= Metallate =

Metallate or metalate is the name given to any complex anion containing a metal ligated to two or more atoms and/or groups of atoms.

Typically, the metal is one of the transition elements and the ligand is oxygen or another chalcogenide, a cyanide group or a halogen (though others are known).
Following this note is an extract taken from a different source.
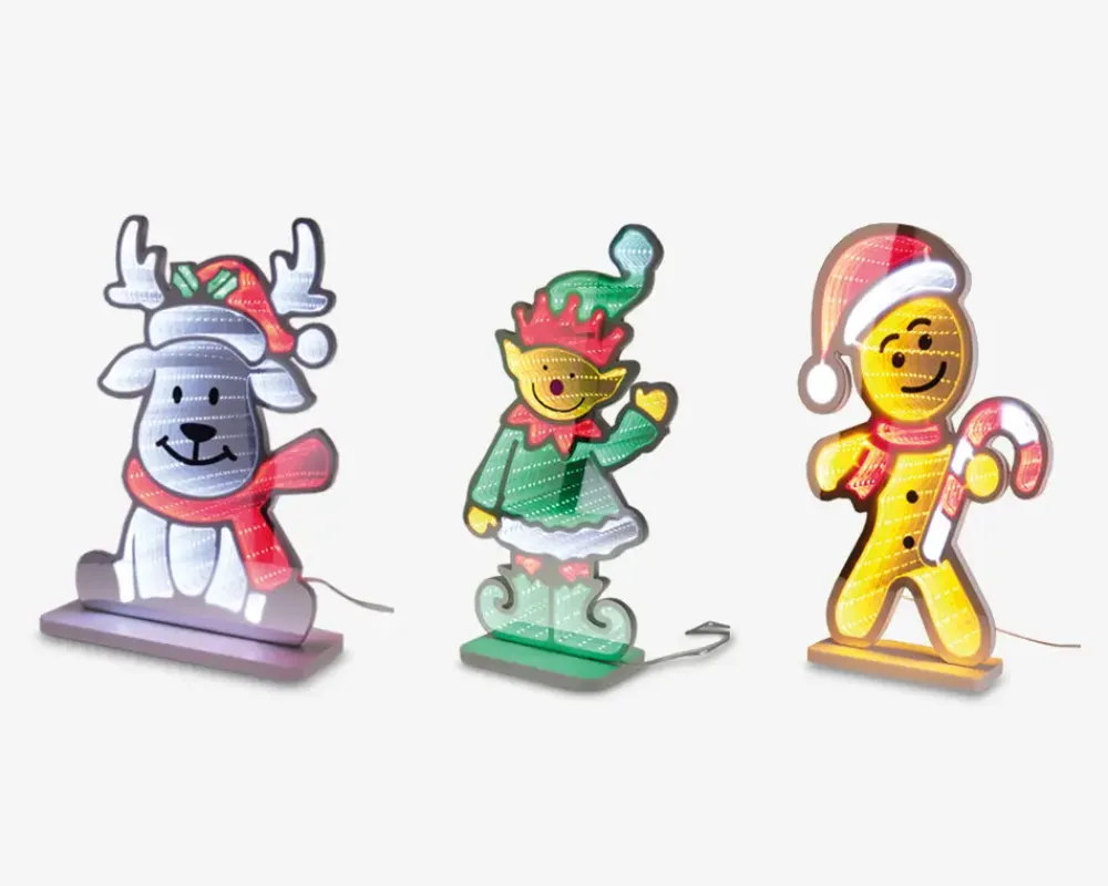 Dekorativ figur med infinity-effekt og farvede LED-lys, der skaber en livlig og festlig stemning der er perfekt til juledekorationen. Figuren er beregnet til indendørs brug og leveres med en 5 meter ledning samt 12V transformer. Ideel som blikfang i stuen, på børneværelset eller som del af en stemningsfuld juleopstilling.Bemærk at den kommer assorteret, købes enkeltvis og at der ikke kan vælges design ved køb i webshoppen.Forventet hjemme i uge 45.

The chalcogenide metallates are known as oxometallates, thiometallates, selenometallates and tellurometallates; the cyanide metallates are known as cyanometallates; the halogenide metalates are known as halogenometallates.

Oxometallates include permanganate MnO4−, chromate CrO4(2−), vanadate VO3− or VO4(3−) and tungstate WO4(2−).

Thiometallates include tetrathiovanadate VS4(3−), tetrathiomolybdate MoS4(2−), tetrathiotungstate WS4(2−)and similar ions.

Cyanometallates include ferricyanide [Fe(CN)6](3−), ferrocyanide [Fe(CN)6](4−) and dicyanoargentate(I) [Ag(CN)2]−.

Halogenometallates include tetrachloroaluminate [AlCl4]−, tetrachloronickelate(II) [NiCl4](2−) and hexafluoroplatinate(V) [PtCl6]−.

Others include tetranitratoaluminate [Al(NO3)4]− and tetrahydroxozincate [Zn(OH)4](2−).

Metallate is also used as a verb by bioinorganic chemistry to describe the act of adding metal atoms or ions to a site (synthetic ligand or protein).